*** DATA SHOWN Section Begins ***
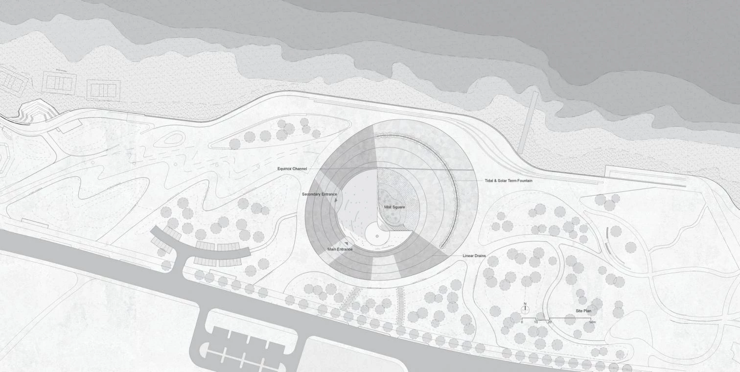 La torre está esculpida por el movimiento del sol observado desde el mirador. El borde norte del revestimiento exterior del edificio es paralelo a la luz solar del mediodía de los equinoccios. El túnel de entrada se alinea con la puesta del sol en el solsticio de invierno. El eje del anfiteatro está orientado hacia el amanecer sobre la isla de Zhifu en el solsticio de verano.
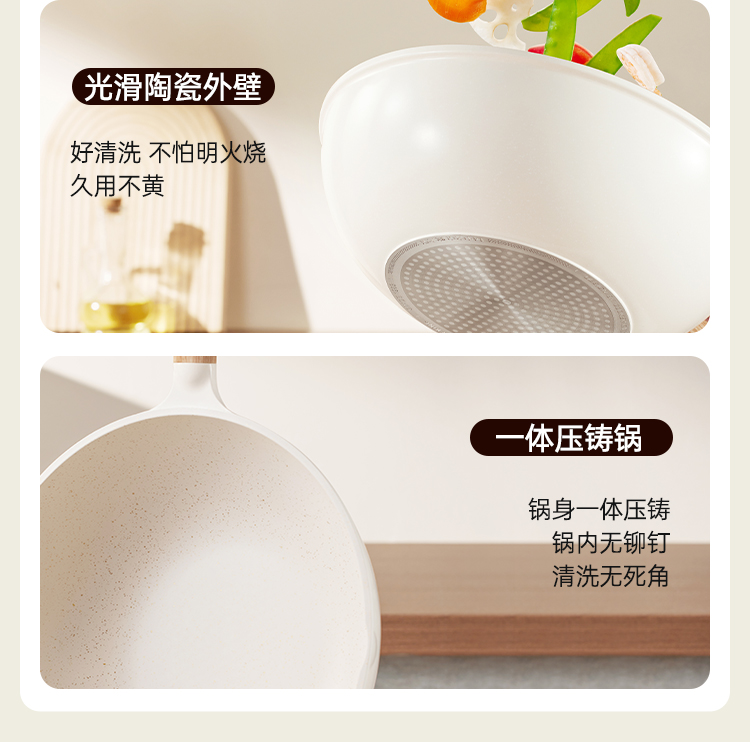2、自带双导流口左右手自由切换一体压铸锅身,自带双导流口倒汤不易外洒,左右手任意操作
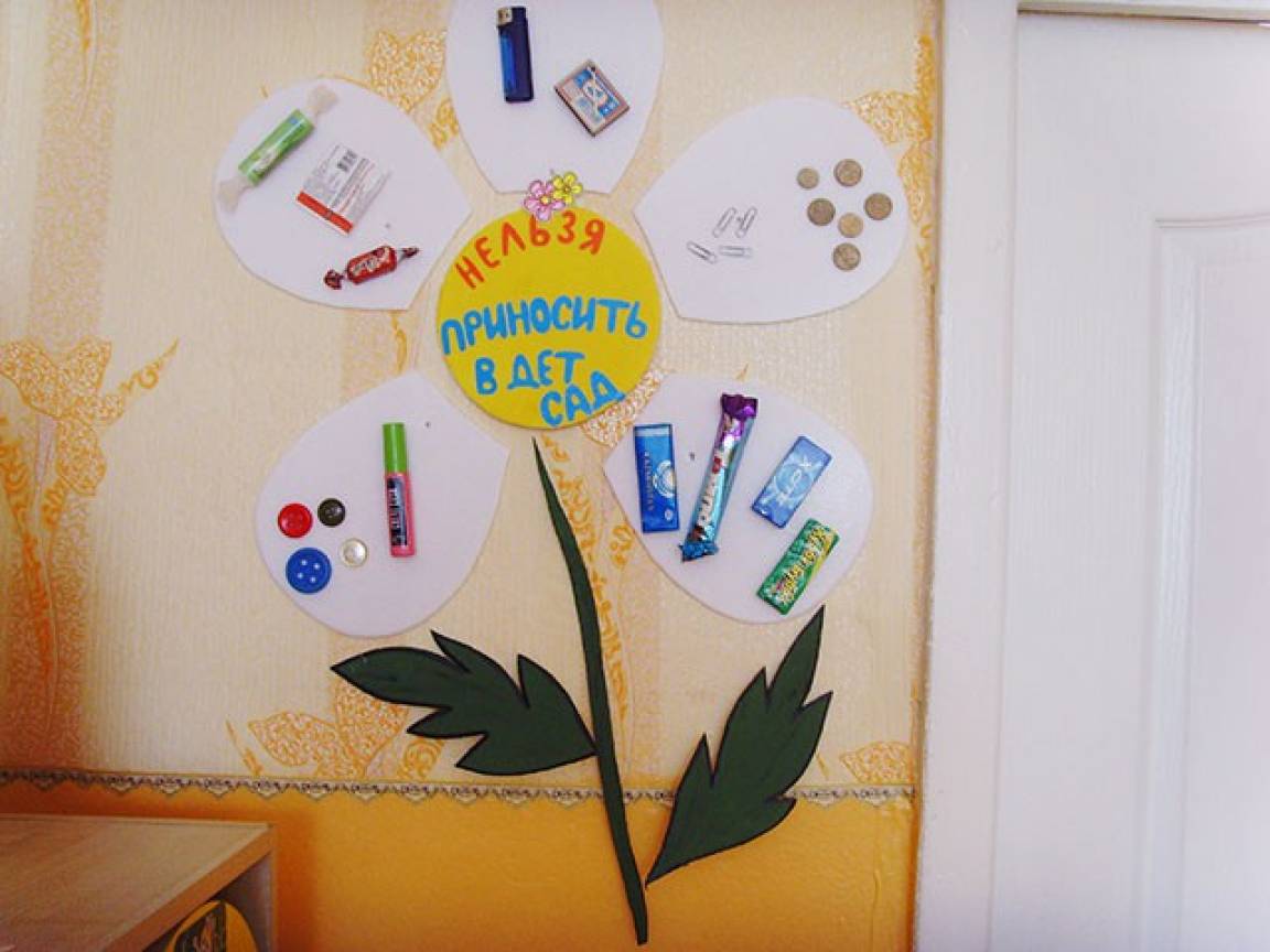 Так же в приемной изготовлен стенд для детей и родителей «Нельзя приносить в детский сад» (как показывает практика очень полезная информация).
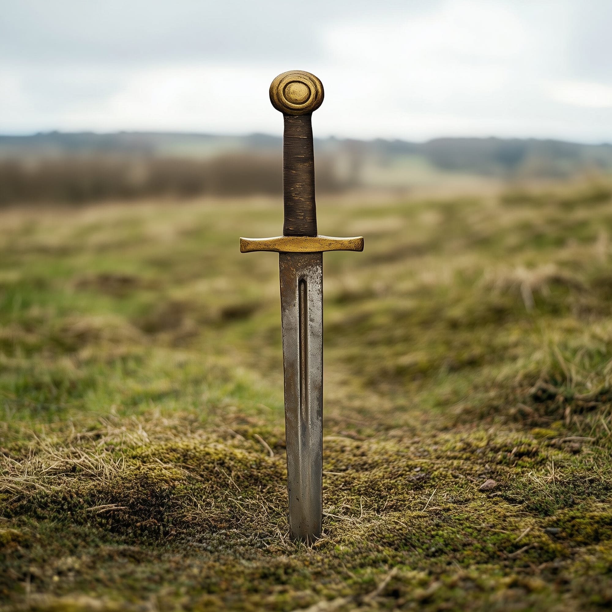 A representation of a Roman sword, pinned on the British countryside ground. Illustration: Midjourney
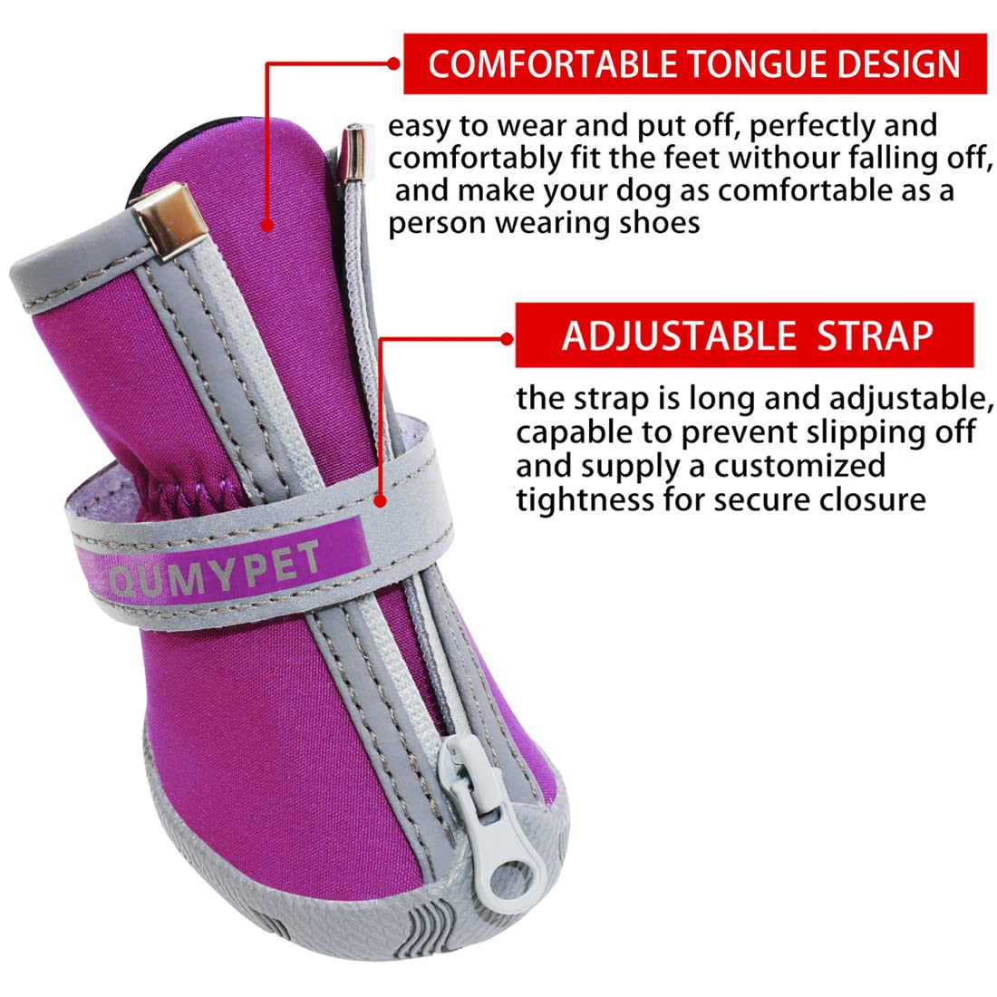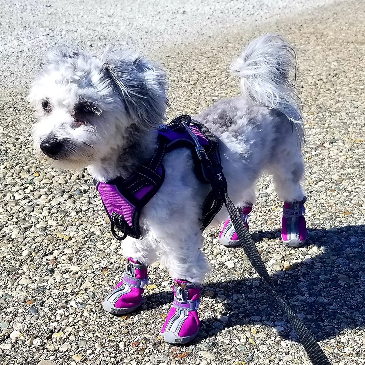 Convenient and Secure: Zip and self-adhesive strap design for manual adjustment, easy to put on / off. These small dog shoes expand with adjustable and reflective straps to ensure a tight fit, also make your puppy safe at night, and easy to find it when it lost
*** DATA SHOWN Section Ends ***
TASK: Word for word, retype the lines in the entries above that run from the one with "Так же в приемной" through the one with "A representation of". Both ends count; pictures do not.

RESPONSE BELOW:
 Так же в приемной изготовлен стенд для детей и родителей «Нельзя приносить в детский сад» (как показывает практика очень полезная информация).
 A representation of a Roman sword, pinned on the British countryside ground. Illustration: Midjourney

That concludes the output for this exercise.